Nos lamentamos en lo profundo de nuestro corazón de “la crisis moral” y de la adversidad de las circunstancias
para cualquier ejercicio libre. No nos queda para consolación sino la nostalgia de los vencidos, porque la nostalgia
es siempre una actitud de entrega y claudicación al añorar desde las ruinas del presente el pasado de las “viejas
glorias inmortales”, prefiriendo esto a la lucha, y el pasado a la esperanza.

También hay muchos de mala fe que aspiran el retorno a la normalidad constitucional para cobrarse los privilegios
de que han sido privados, y para dirigir desde el Poder su cólera irritada contra sus tradicionales enemigos.

El juego de la política cambia de rumbo y los que fueron antaño las víctimas pasan a la categoría de verdugos. Pero
mientras dura el juego de los intereses de partido, que en Colombia es el de la destrucción de unos ídolos por la
sustitución de otros, mientras dura la ceremonia, afuera, en las calles, en las aldeas y en los campos, se ofician en
la oscuridad y en el anonimato los sacrificios sangrientos, el de los inocentes, el del pueblo que formará con su
sangre un pedestal propicio para sostener la apariencia decorosa del soberbio edificio de la democracia.

¿Por qué no intentar en la política del país una lucha por el Poder en que el pueblo no sea la víctima de cualquier
victoria? Que el pasado político sea una experiencia que no deja sino un saldo de amargura y de equivocación en el
empleo del ejercicio político. No lo tomemos como un recuerdo que nos embarque a los colombianos en una
nueva venganza, en el tradicional odio y en un nuevo fracaso de convivencia pacífica. Sólo podemos considerarlo
como un rechazo por medio del cual intentemos decididamente una lucha política de buena fe, tendiente a lograr
la justicia social, las libertades individuales en el pensamiento y en la acción, en la realización de los altos ideales
de la cultura, y en la reintegración a su orden de los valores sociales que han sufrido un destierro que tendrá que
ser transitorio.

Tenemos ante nosotros el camino del presente: reconocerlo con responsabilidad nos hará dignos de un porvenir a
que nos conducirá incuestionablemente cada paso, cada pensamiento y cada acción. Tal vez en esta forma no se
sacrificará más inútilmente al pueblo colombiano, que empieza a ser dominado por un tremendo escepticismo
político.

Esto no es un programa ni una solución inmediata. Nuestra realidad es demasiado sombría para intentar un
esclarecimiento del porvenir. Pero la buena fe y la responsabilidad moral en cada acto de los gobernantes y en
cada uno de los gobernados, podría ser una solución al miedo y a la incertidumbre en que vivimos.

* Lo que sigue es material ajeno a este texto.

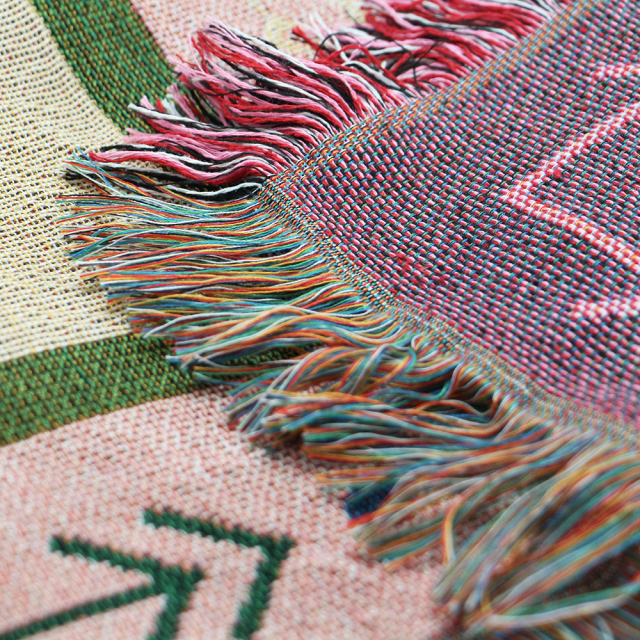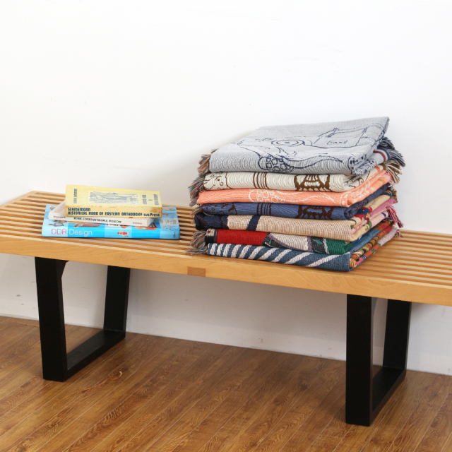 インテリアとして1枚配置するだけで絵になるアイテムなので、ソファやベッド、車内にサラッと掛けるだけで手軽に空間の印象を変えることが出来ます。また、掛け布団や膝掛けとしてはもちろんのこと、鮮やかな色合いを生かして壁面にアートな装飾として使用したりと、様々なシーンで活躍するアイテムです。
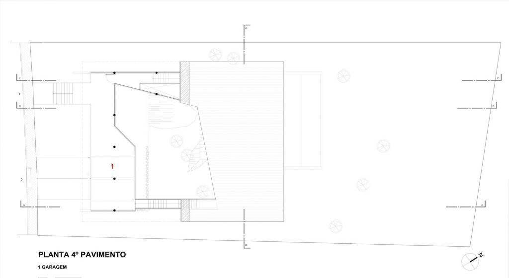 At street level, the Bosque House unveils its upper facade, revealing the garage and dual access points leading down to the lower floors. Here, a striking metallic staircase on the right side offers a lofty traverse above the verdant canopy, providing a captivating passage through the treetops. The lower floor, crowned by a dynamically pitched roof, opens to a spacious living and kitchen area, where panoramic views of the mountains and the surrounding Atlantic Forest are seamlessly woven into the living experience. This roof, characterized by an angular incision, cradles a central void, preserving the verdure at the heart of the site, ensuring a symbiotic coexistence between architecture and nature.
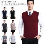 ニットベスト メンズ ニット ベスト トップス チョッキ Vネック レイヤード ビジネス スクール ウール混 通勤 通学 春 秋 冬
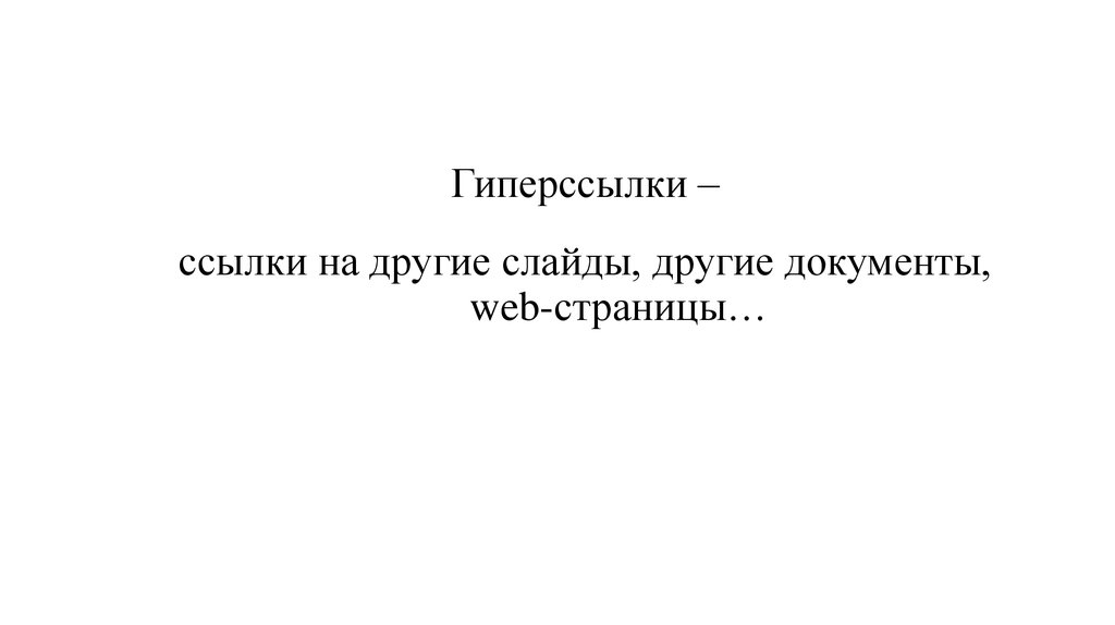 Гиперссылки –ссылки на другие слайды, другие документы,
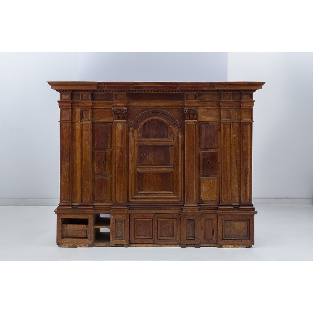 Armadio da sacrestia, parte superiore del mobile realizzato in legno di noce composto da anta centrale curva sulla sommità, due ante speculari rettangolari divisi dalla centrale da lesene sormontate da capitelli corinzii, piccoli sportelli alla base con mancanze.
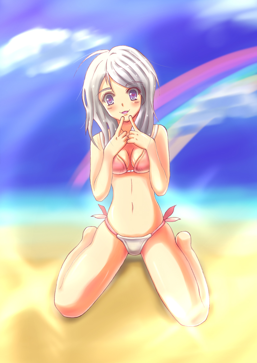 frapowa, tsukimura suzuka, lyrical nanoha, mahou shoujo lyrical nanoha, 00s, 1girl, bed, blue eyes, blush, breasts, female focus, large breasts, long hair, nipples, pillow, purple hair, sideboob, solo
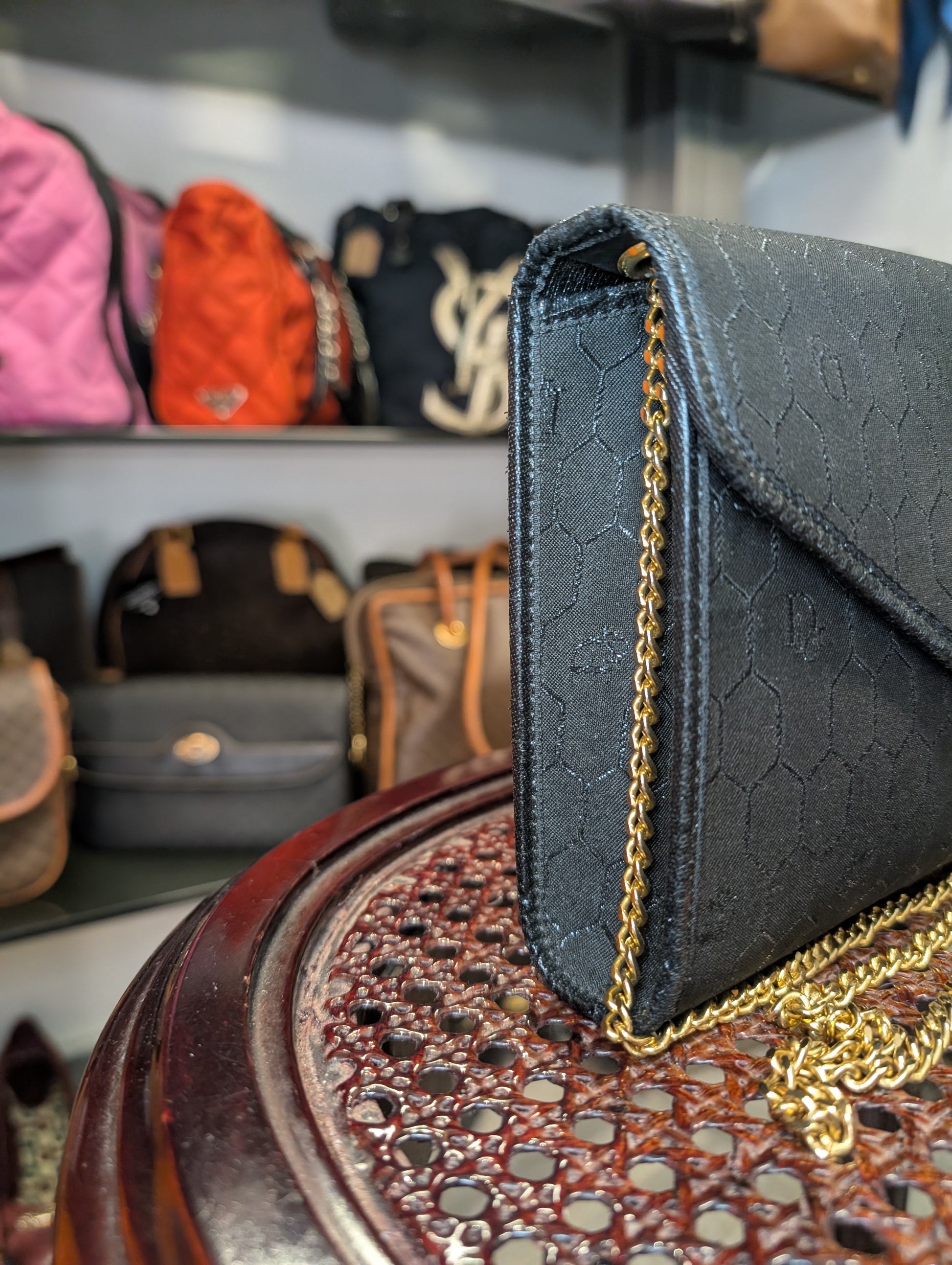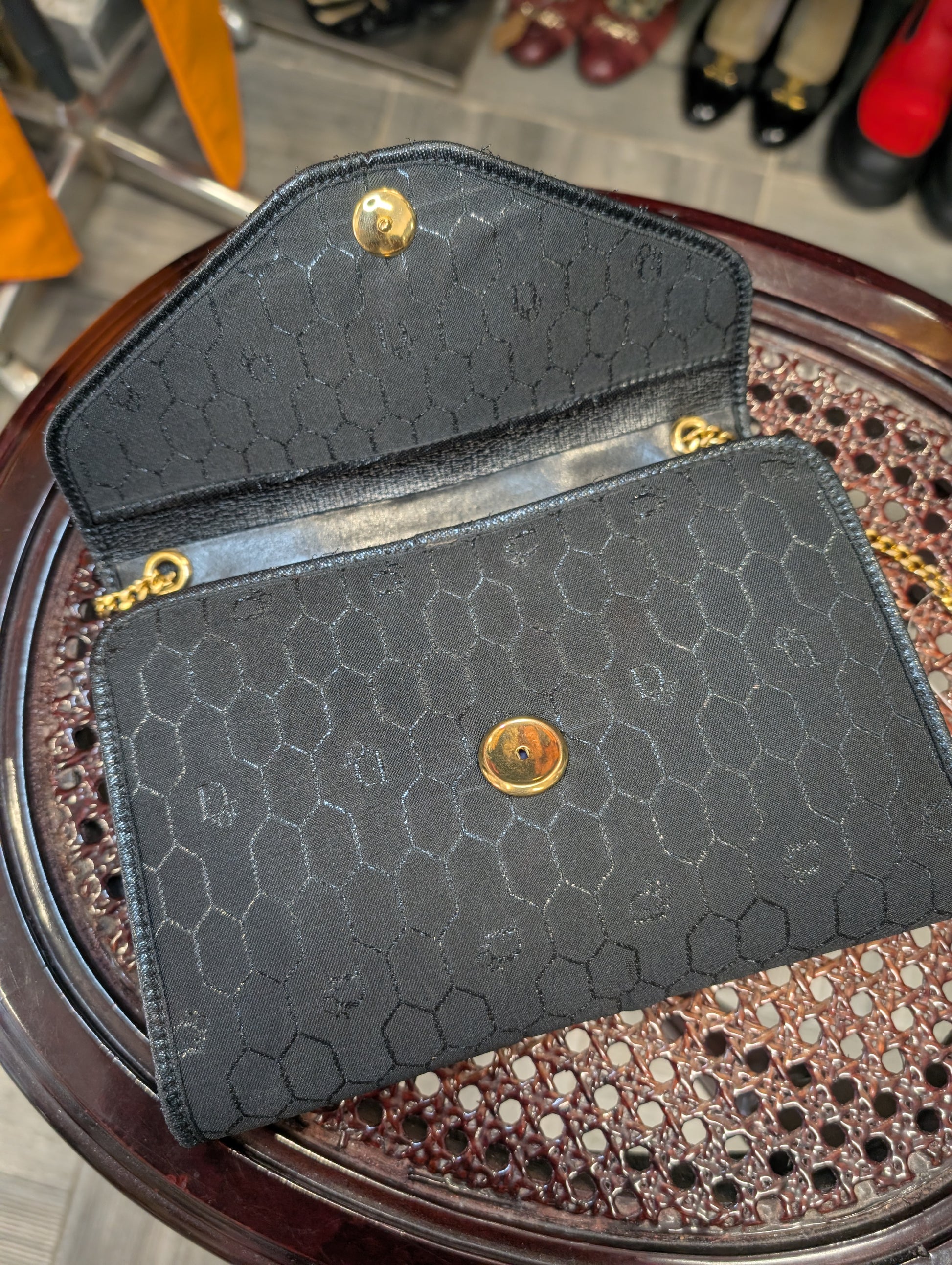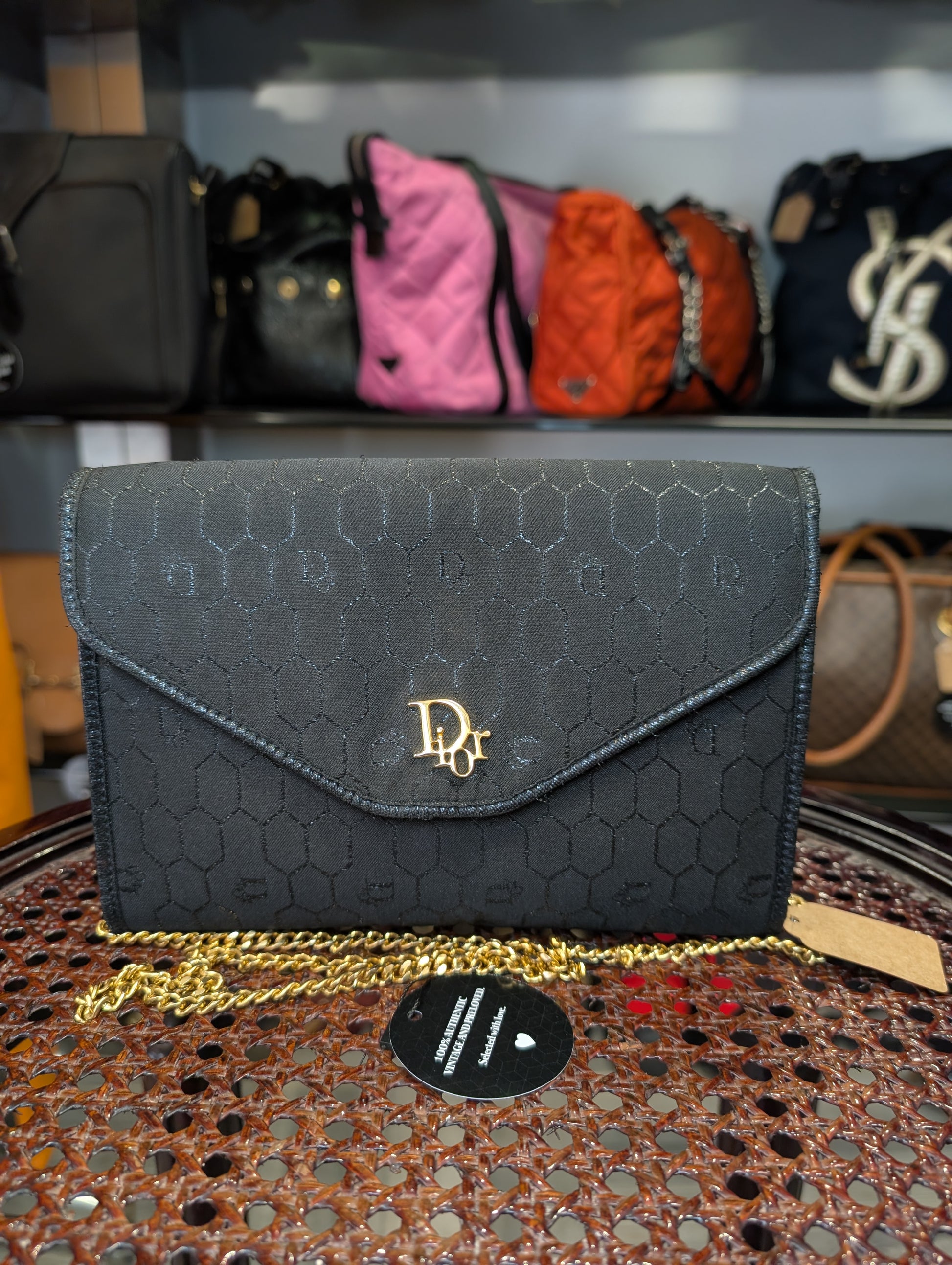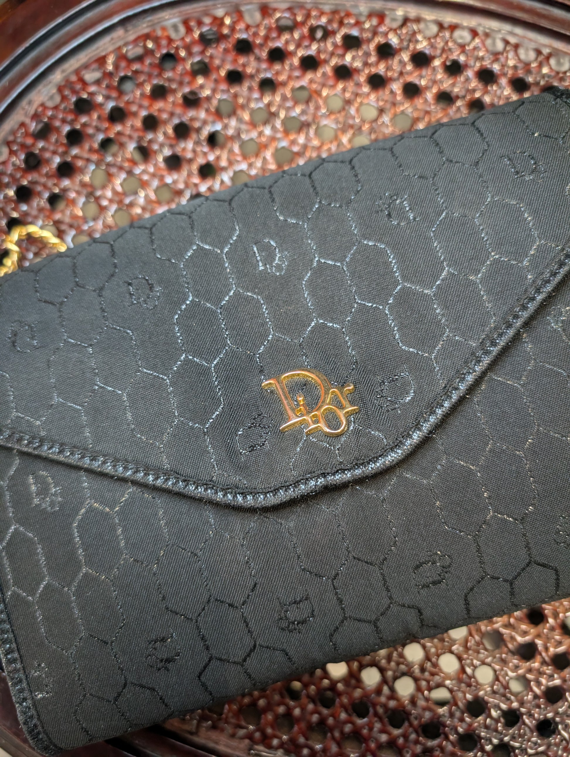 Splendida pochette in tela nido d'ape Christian Dior, profili in pelle e catena in ottone dorato.
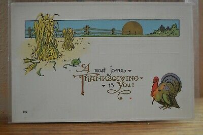 Title (ebay affiliate link): C 1920 Corn Shocks Fence Moon Turkey Joyful Thanksgiving Postcard
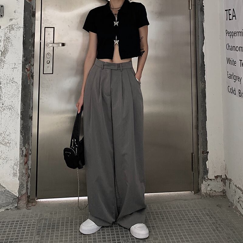 ショートトップス レディース夏服韓国ファッショントレンドジッパー半袖スリーブ薄手ブラックTシャツ ハーフスリーブ 夏物 デーモン4182520
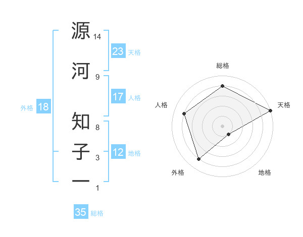 源河 知子一さんの天格は23画の5点!
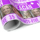 Grafisk lila, lilac och vit med en liten vit 35e för födelsedagspresent papper. Ljusa bildfödelsedagsfigursättningar med tre platshållare för dina egna foton och för anpassning med ditt eget namn-, ålders- och invändiga meddelande. Matchande födelsedagskort är också tillgängligt. Unik design av Sarah Trett för www.mylittleeden.com
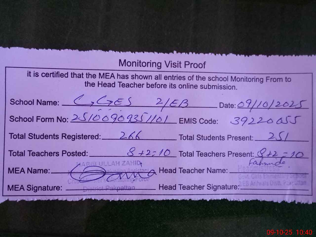 | Monitoring Date: 09-10-2025 | Start Time: 09-10-2025 09:42 AM | End Time: 09-10-2025 10:46 AM | Name of MEA: Ha**** Ul**** Ur**** Ba**** Al**** | |
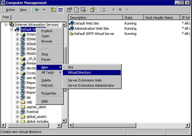 8. Create a virtual directory named accelareports in the default web site node.
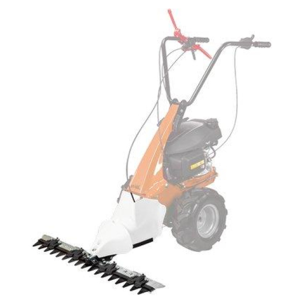 Accessorio per Multiattrezzo Minieffe Art. 6226831. Movimento monolama brevettato con attacco centrale. Larghezza di lavoro Cm. 87. Altezza di taglio da Cm. 2,5 a 5,0. Testina con ingrassatore. Cofano spargierba doppio e flottante.

Como no se puede nivelar a los intelectuales y a los políticos bajo el común denominador de estos conceptos, yo
escribo teniendo en cuenta una mayoría de hombres que han dirigido este país a su ruina con el pretexto de
llevarlo a sus más altos destinos. Pero muchas veces en su generoso intento han equivocado el camino,
precisamente porque piensan demasiado en ellos y muy poco en la nación.